# Find the integral of ln(x)/sqrt(x) as x is between 0 and 1

Hi Im trying to figure out the following..Ive tried substitutions but cant find any that work:

$$\int_0^1 \frac{lnx}{ \sqrt x}dx$$

HA @ 0 so
$$\int_0^1 \frac{lnx}{ \sqrt x} dx$$
=
$$\lim_{t\rightarrow 0^+} \int_t^1 \frac{lnx}{\sqrt x}dx$$

Last edited:

StatusX
Homework Helper
Try the substitution u=sqrt(x).

so....2du=1/root(x)dx.. it becomes just ln(u^2)?

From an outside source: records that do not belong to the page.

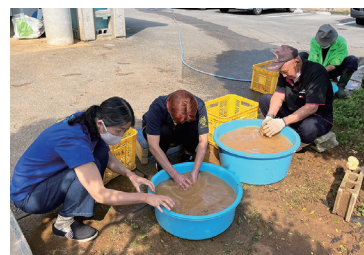
畑で収穫した野菜。無人売店で販売しています!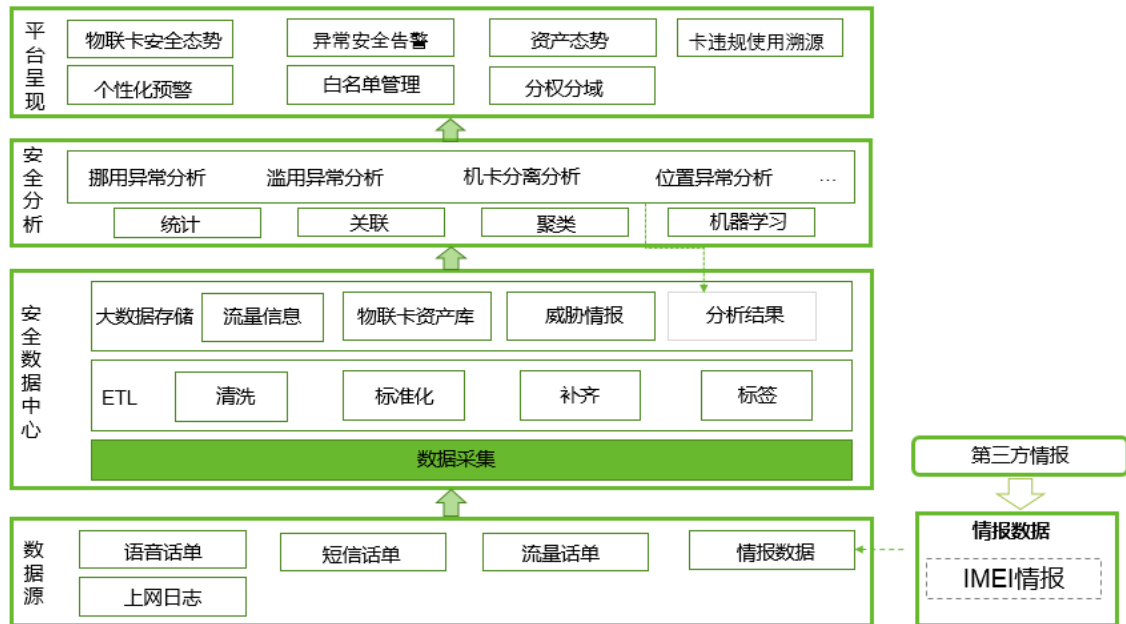
图表 1 绿盟物联网安全风控平台架构示意图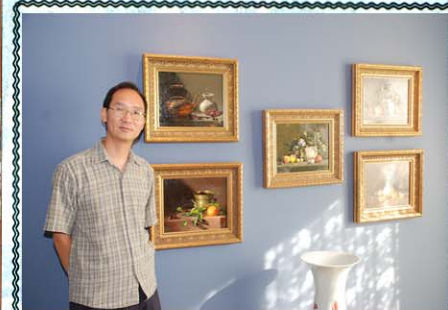
強的繪畫副業所得已超過本業。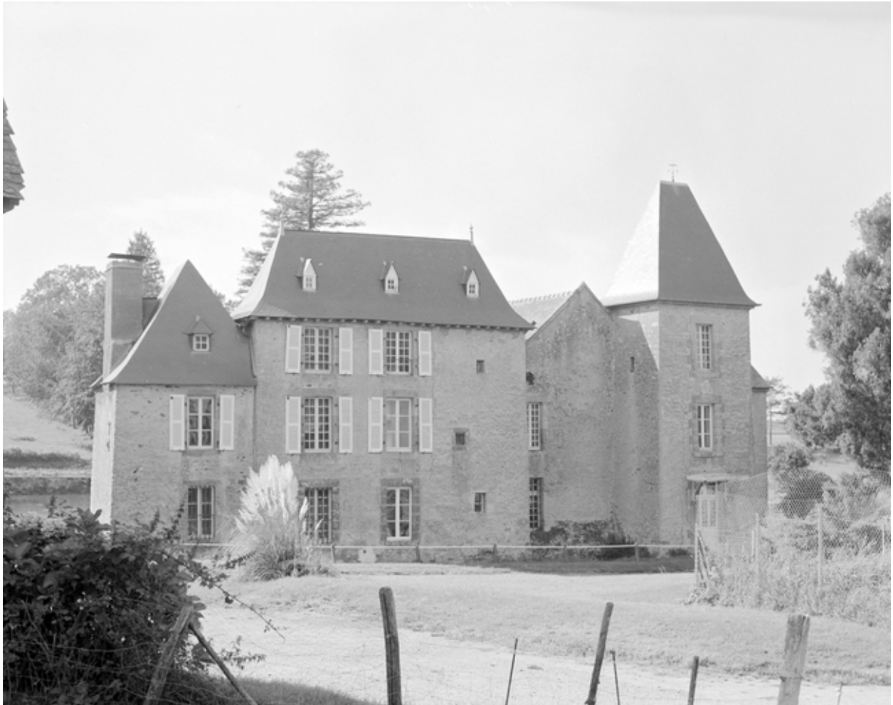
Château, vue générale nord.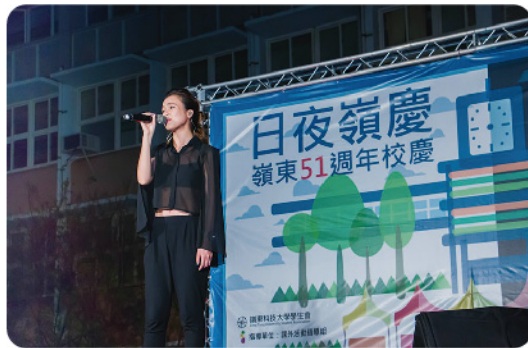
▲ 藝人林芯儀壓軸演唱。

【本刊訊】今年校慶園遊會有別於往年，歡樂的氣氛從白天延續到夜晚，為了讓進修部同學也有參與的機會，名為「嶺慶夜市」的園遊會在下午四點便陸續進駐木棧道，各式各樣五花八門的攤位，吃喝玩樂一應俱全，讓人目不暇給，有種走入一中夜市的錯覺。因為本次活動亦定義為制服日，所以在華燈初上時，一大群穿著高中、職制服的同學與師長們，就以熱鬧的踩街遊行揭開「嶺慶夜市」的序幕，並請來新宅男神田心蕾、陳艾琳主持下午活動，除了有精彩的動態社團表演節目之外，還邀請歌手林芯儀獻唱，現場氣氛熱鬧無比，「嶺慶夜市」帶給了進修部同學全新的校慶歡樂氣息。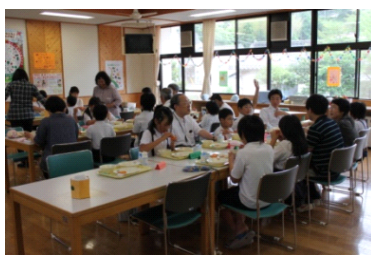
全校の子ども達と一緒に、給食を食べていただきました。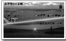
裏面(太平洋と日本海)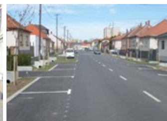
Berzsényi Dániel utca

A projekt megvalósítását Sárvár Város Önkormányzata és a Vas Vármegyei Önkormányzati Hivatal konzorciumi formában bonyolította le.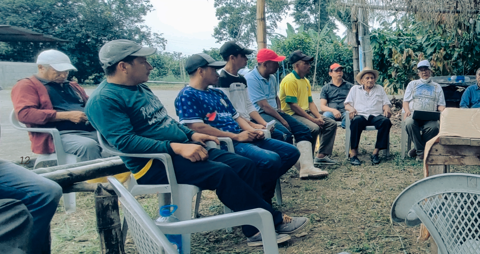
Comunidades organizadas en asamblea para enfrentar a la bananera que pretende apoderarse del Humedal Las Garzas, Los Ríos, Ecuador.

rales y progresistas, ya sea desmantelando el Estado para facilitar la ocupación parasitaria de territorios y bienes públicos, o fortaleciendo la institucionalidad del Estado para imponer por la fuerza en los territorios, la presencia de megaobras y corporaciones extractivas transnacionales. También se sabotó la institucionalidad para favorecer la penetración delincuencia en todos sus ámbitos. Y se ejercieron sus gobiernos bajo estados de excepción permanentes. (De los 18 meses de gobierno de Lasso, 13 fueron bajo estados de excepción.)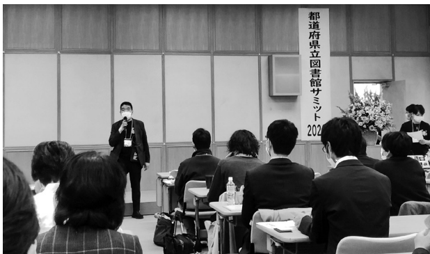
都道府県立図書館サミットの様子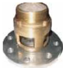
Przeziernik SG 4" kołnierz okr gły / gwint zew.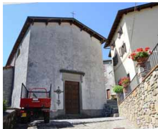
Oratorio di Maria SS. Addolorata

Contributo sicuramente interessante e stimolante, che si concentra su di una informazione di asso-

if this is right I end up with

$$\lim_{t\rightarrow 0^+} 2 - \frac{s\sqrt t}{t}$$

so would this be divergent?

StatusX
Homework Helper
I don't know what s is there, but yes, this is divergent. Another way to find this is to note that this function is less than ln(x), whose integral diverges to negative infinity on this interval.

ok, the s should be a two...so basically if the integral ever has $$\frac{a}{0}$$...then it is called divergent?..or whenever an answer cannot be found..it is divergent?

StatusX
Homework Helper
This integral is divergent because the limit you mention in your first post is infinity. "if the integral ever has a/0" isn't precise enough an expression for me to say anything meaningful about. In general, for improper integrals like this one, you have to take a limit as you approach vertical asymptopes or as [itex]x \rightarrow \pm \infty[/tex]. If the result after taking all these limits is infinity, the integral is said to diverge. Whether you can find the answer or not is your problem, not the integral's.